### [YOUR GOAL]
Take each line below that has "with" and copy it.

### [DATA FOR THIS TASK]
»»
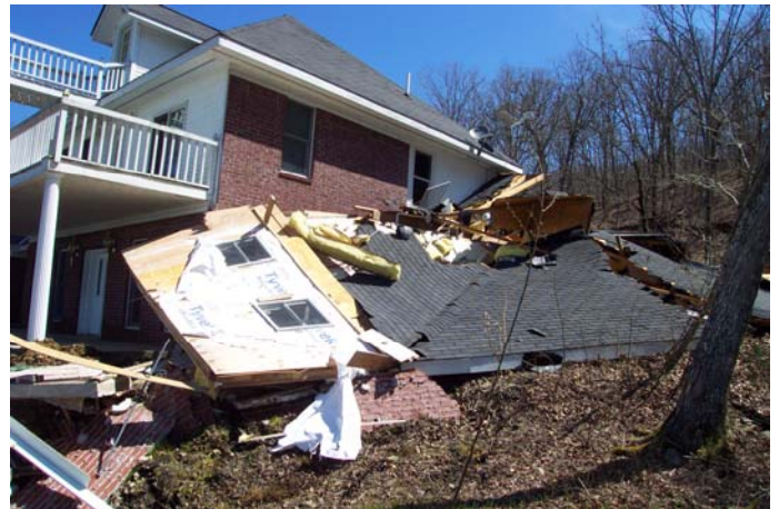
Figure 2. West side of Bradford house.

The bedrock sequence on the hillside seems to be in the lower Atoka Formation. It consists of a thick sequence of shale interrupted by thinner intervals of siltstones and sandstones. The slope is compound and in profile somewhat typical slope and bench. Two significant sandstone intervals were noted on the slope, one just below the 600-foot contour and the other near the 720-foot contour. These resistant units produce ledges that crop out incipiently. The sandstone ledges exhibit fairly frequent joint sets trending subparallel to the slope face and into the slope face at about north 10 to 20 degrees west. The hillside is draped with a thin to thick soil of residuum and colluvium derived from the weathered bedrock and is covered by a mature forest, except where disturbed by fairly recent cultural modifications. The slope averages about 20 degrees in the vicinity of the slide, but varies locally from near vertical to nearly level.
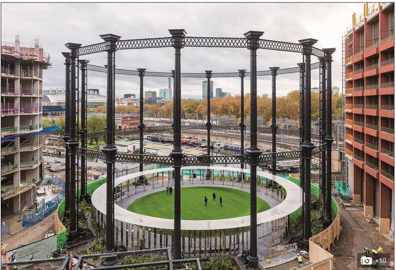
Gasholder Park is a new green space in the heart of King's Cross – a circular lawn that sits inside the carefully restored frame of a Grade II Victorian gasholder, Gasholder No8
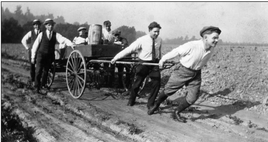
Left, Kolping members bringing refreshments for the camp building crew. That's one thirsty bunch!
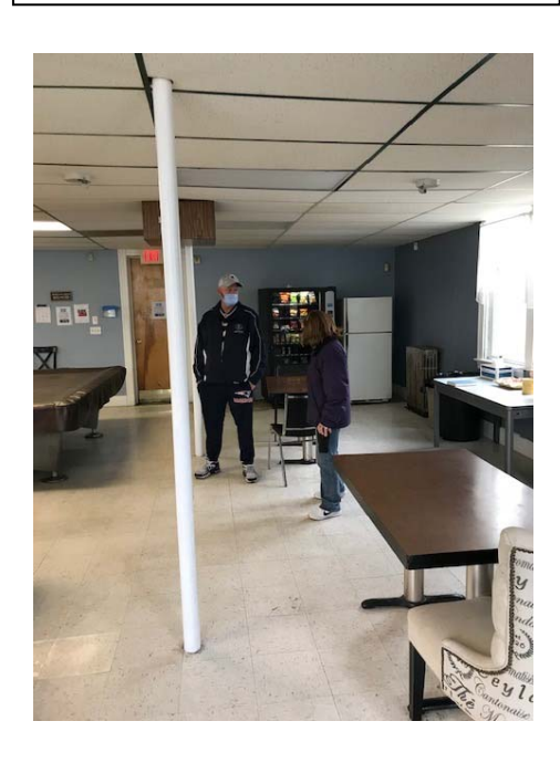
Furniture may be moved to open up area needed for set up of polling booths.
««
»»
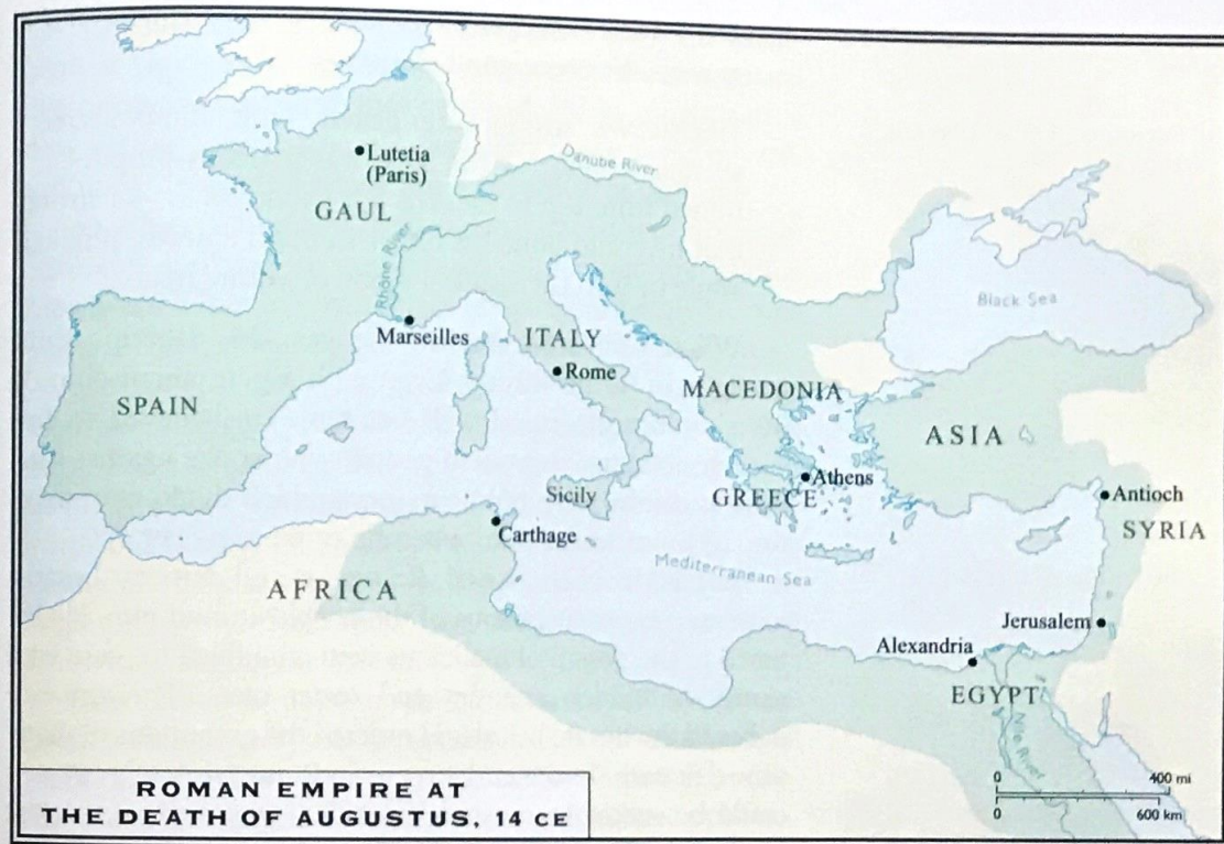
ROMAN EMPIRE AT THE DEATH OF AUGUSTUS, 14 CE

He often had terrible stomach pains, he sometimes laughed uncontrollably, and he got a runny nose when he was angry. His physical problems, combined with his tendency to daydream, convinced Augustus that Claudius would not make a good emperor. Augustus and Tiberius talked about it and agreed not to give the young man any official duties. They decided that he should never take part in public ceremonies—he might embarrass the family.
««
### [TASK RESULT]
The bedrock sequence on the hillside seems to be in the lower Atoka Formation. It consists of a thick sequence of shale interrupted by thinner intervals of siltstones and sandstones. The slope is compound and in profile somewhat typical slope and bench. Two significant sandstone intervals were noted on the slope, one just below the 600-foot contour and the other near the 720-foot contour. These resistant units produce ledges that crop out incipiently. The sandstone ledges exhibit fairly frequent joint sets trending subparallel to the slope face and into the slope face at about north 10 to 20 degrees west. The hillside is draped with a thin to thick soil of residuum and colluvium derived from the weathered bedrock and is covered by a mature forest, except where disturbed by fairly recent cultural modifications. The slope averages about 20 degrees in the vicinity of the slide, but varies locally from near vertical to nearly level.
He often had terrible stomach pains, he sometimes laughed uncontrollably, and he got a runny nose when he was angry. His physical problems, combined with his tendency to daydream, convinced Augustus that Claudius would not make a good emperor. Augustus and Tiberius talked about it and agreed not to give the young man any official duties. They decided that he should never take part in public ceremonies—he might embarrass the family.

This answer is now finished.